Working Group members are Larry Heffel, FCS; Dan Keller, FS; Jeff Kerby, CFSA; John King, FISVIS; Bob Larson, FS; Ed McLaughlin, OP/MAP; Bill Pettingill, NFC; Alan Rich, FCS; Kathleen Rundle, OIRM/NCC; and Paul Whitmore, InfoShare.

Responsibilities and Authorities

The Working Group has prepared this report which describes the current data management environment within USDA and provides an outline of how a centralized USDA Data Repository can be beneficial to the USDA business community.

Definition of Terms

The following are definitions of data dictionaries and other metadata collection tools used in data administration. Some of these topics are still in a state of flux and mean different things to different vendors.

A Data Dictionary is a tool which lists all data items that are used, their definitions, how and where they are used, and who is responsible for them.

Data Encyclopedias grew out of Data Dictionaries. They contain more than just data because they were developed by CASE tool vendors to comprise modeling information. They usually have graphical modeling tools, frequently including code generators. They tend to be developed by vendors to support their own modeling tools and therefore are not open to other vendors.

The Data Repository grew out of the data encyclopedias and is a "hub" communicator between all design, development, administration and graphic reporting tools. Repositories tend to be independent and open to many vendors. Repositories are more powerful than a Data Dictionary and more open than an Encyclopedia.

A Data Warehouse is a database that contains a snapshot or instance of the actual data where reporting needs can be satisfied. Data Warehouses generally contain extracted and/or summarization of production data for these purposes. So, the data warehouses are files or databases, not metadata information about them.

[TOP]

Current Environment

The Data Management Working Group attempted to contact a Sub-Council member from each agency/area to obtain data history throughout USDA. The representatives were asked to provide a history of data administration and the current state of data administration in their agencies. The following represents the current data administration environment within agencies that responded to the request by the Data Repository Working Group.

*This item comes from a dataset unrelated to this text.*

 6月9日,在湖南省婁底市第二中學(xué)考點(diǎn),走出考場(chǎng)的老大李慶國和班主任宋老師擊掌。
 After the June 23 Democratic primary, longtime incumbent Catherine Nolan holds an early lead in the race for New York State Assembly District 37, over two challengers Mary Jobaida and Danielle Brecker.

Consolidated Farm Service Agency

The Federal Crop Insurance Reform and Department of Agriculture Reorganization Act of 1994, Public Law No. 103-354, signed by the President on October 13, 1994, permitted the Secretary of Agriculture to accomplish the reorganization of USDA. The Consolidated Farm Service Agency (CFSA) was established having responsibility for agricultural price and income support programs, production adjustment programs, and the conservation reserve and agricultural conservation programs formerly performed by the Agricultural Stabilization and Conservation Service (ASCS), supervision of the Federal Crop Insurance Corporation (FCIC), farm-related agricultural credit programs formerly performed by the Farmers Home Administration (FmHA), and such other programs related to farm services as are assigned. Therefore, the CFSA data administration history is a combined background of FCIC and the farm service related programs of ASCS and FmHA.

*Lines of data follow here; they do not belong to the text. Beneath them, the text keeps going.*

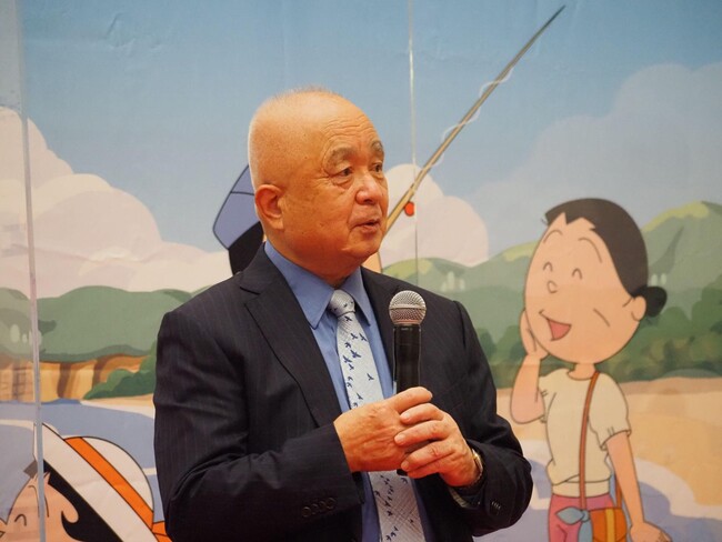 川口館長は、サザエさん誕生秘話を語ってくれました。長谷川町子先生が新聞社からの依頼で4コマ漫画連載をスタートしたことがきっかけで誕生したサザエさん。なかなか主人公の名前が決まらず、長谷川町子先生は毎日百道浜を散歩し、海を眺め、磯野家のそれぞれのキャラクターの名前をつけたと言います。イベントでは川口館長からサザエさん誕生当初の昭和30年と現在の福岡県・百道浜について紹介してくれました。
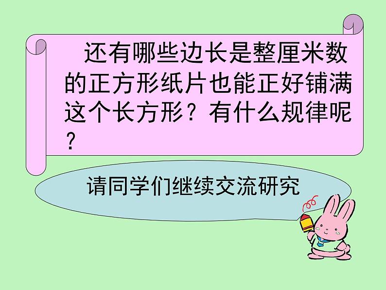还有哪些边长是整厘米数的正方形纸片也能正好铺满这个长方形?有什么规律呢?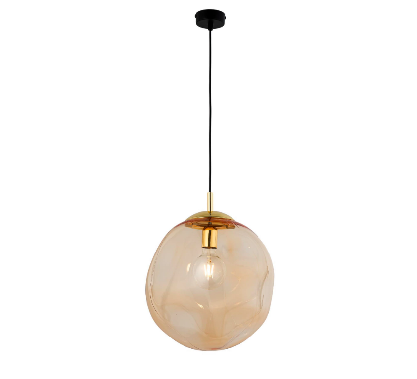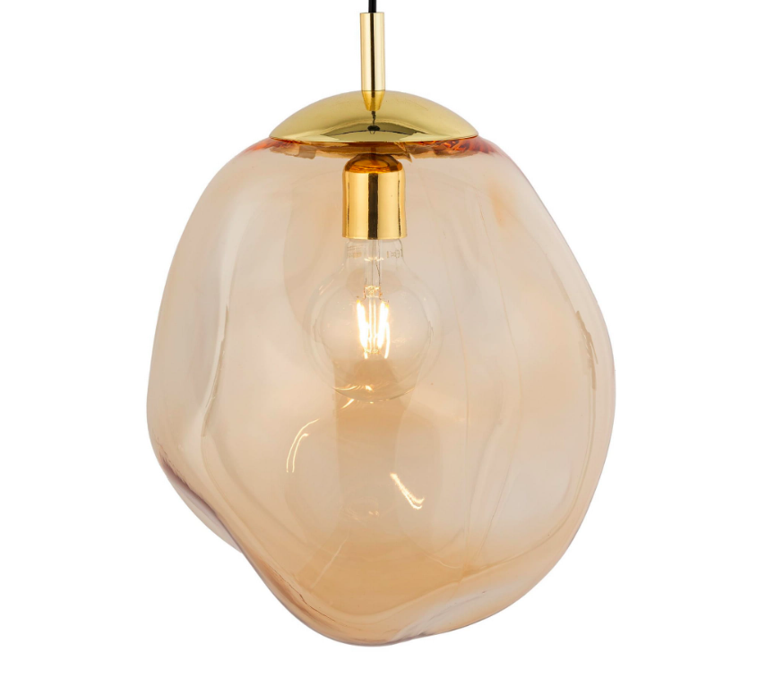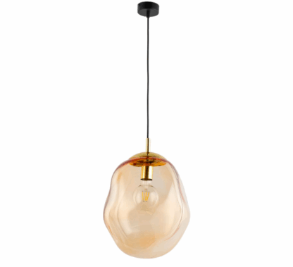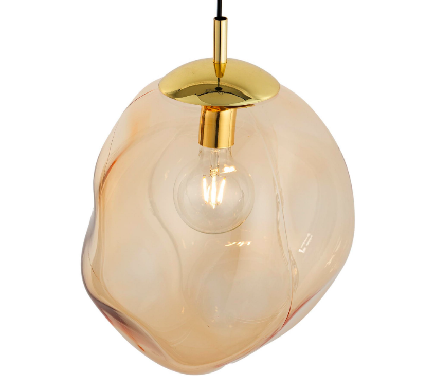 Wisząca lampa SOL w odcieniach bursztynu i złota z artystycznie ukształtowanym szklanym kloszem
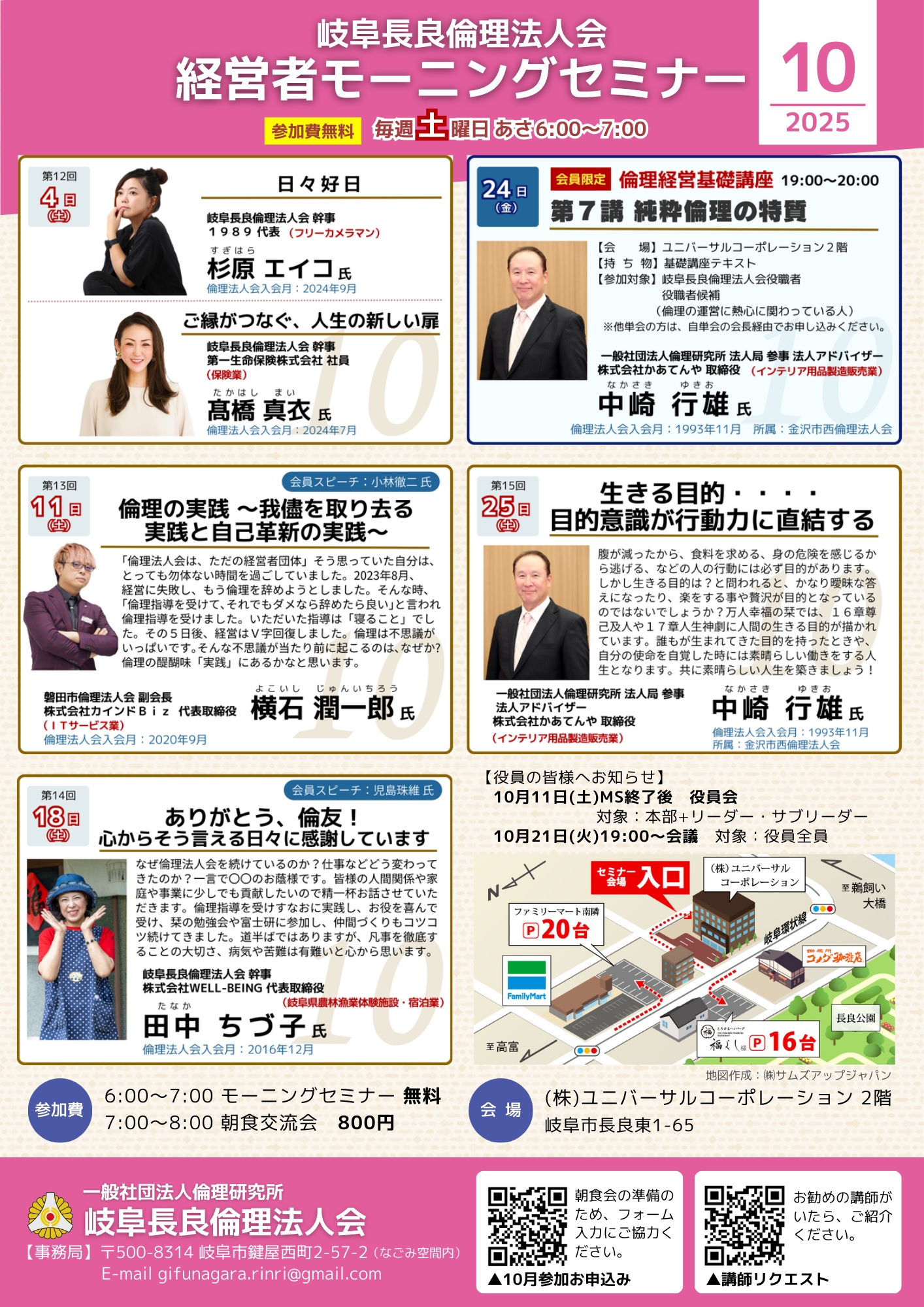 【告知】岐阜長良倫理法人会 経営者モーニングセミナー10月予定表

Farmers Home Administration (FmHA) data administration began in the late 1970's on systems developed in the St. Louis, Missouri and Washington, D.C. offices. Mainframe systems used in 2300 field offices. Standard abbreviations have been used and enforced from the beginning. Separate standards were used to develop systems in St. Louis and Washington. The St. Louis office used standardized elements in the Computer Associates Integrated Data Dictionary (CA-IDD) for mainframe systems using CA-IDMS software. The Washington office developed 3B2 systems using Prelude and Oracle.

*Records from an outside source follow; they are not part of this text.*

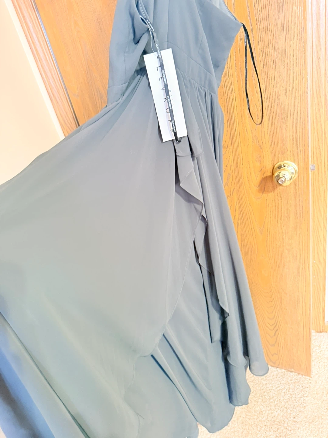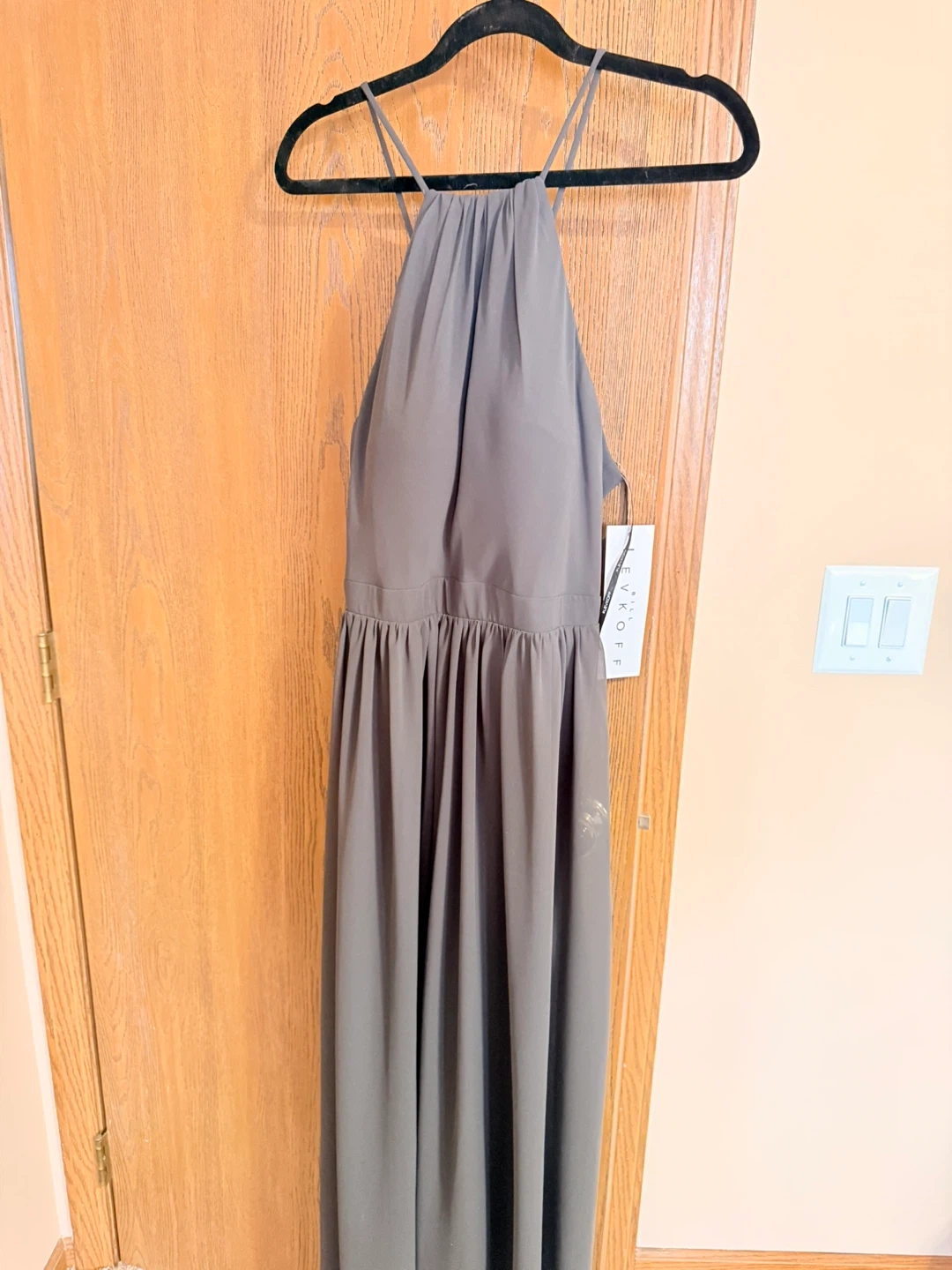Slefkoff halter neck maxi dress in a dusty gray color. Made from 100% polyester. Features a flattering ruched bodice and flowing skirt. Perfect for formal events!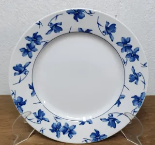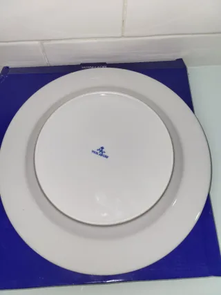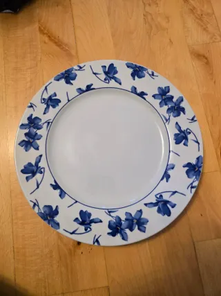 Plato llano de la marca Vista Alegre, con un bonito diseño floral en tonos azules sobre fondo blanco. Es nuevo y se entrega en su caja original. - Diámetro: 28 cm. - Material: Porcelana. Dispongo de 10 unidades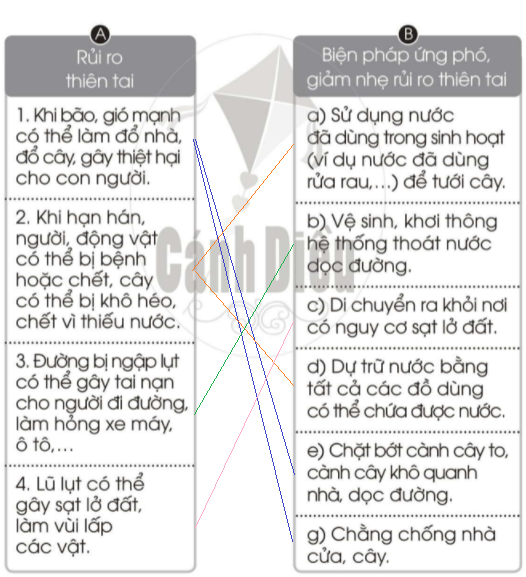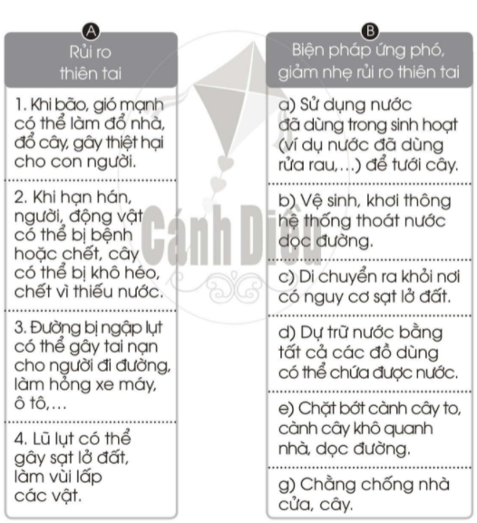 Nối những rủi ro thiên tai (cột A) tương ứng các biện pháp ứng phó, giảm nhẹ rủi ro (cột B).

Federal Crop Insurance Corporation (FCIC) consisted of applications developed in Kansas City, Missouri, which supported sixteen (16) field offices and also some reinsurance companies. Separate standards were used to develop the CA-IDMS and Focus systems. The CA-IDMS software uses standardized data elements stored in CA-IDD. Standard abbreviations were derived from commercial software.

Agricultural Stabilization and Conservation Service (ASCS) data administration started in the early 1980's. It supports a dispersed computer system in 2800 county offices using identical software and data base structures. The primary software is COBOL running on a System/36 platform. All files use standardized data elements stored in CA-IDD software. Query/36 provides County Offices with a pseudo-relational query capability using IBM's IDDU product. The development attitude in the 1980's was to "crank out the code, data administration is low priority". Data administration functions were typically assigned to lower grade individuals. Randomly constructed business names and definitions, redundant data elements, and inconsistent (6 character) IDDU names caused data redundancy and inefficiency problems that resulted in a changed philosophy toward data administration in late 1990. A business name foundation was adopted to consolidate redundant elements and an online CA-IDD interface was developed to enter business definitions. IDDU names were related to corresponding COBOL names and inconsistent element names wereconsolidated using synonyms to old names. The IDDU names were standardized throughout the systems. When the new names were implemented all existing queries became obsolete. The complaint from the county office employees was, "Why didn't you do it sooner?". A data element glossary report was developed emphasizing business name. Currently there are 13,000 data elements with definitions and domain; 6,000 of these elements have IDDU names.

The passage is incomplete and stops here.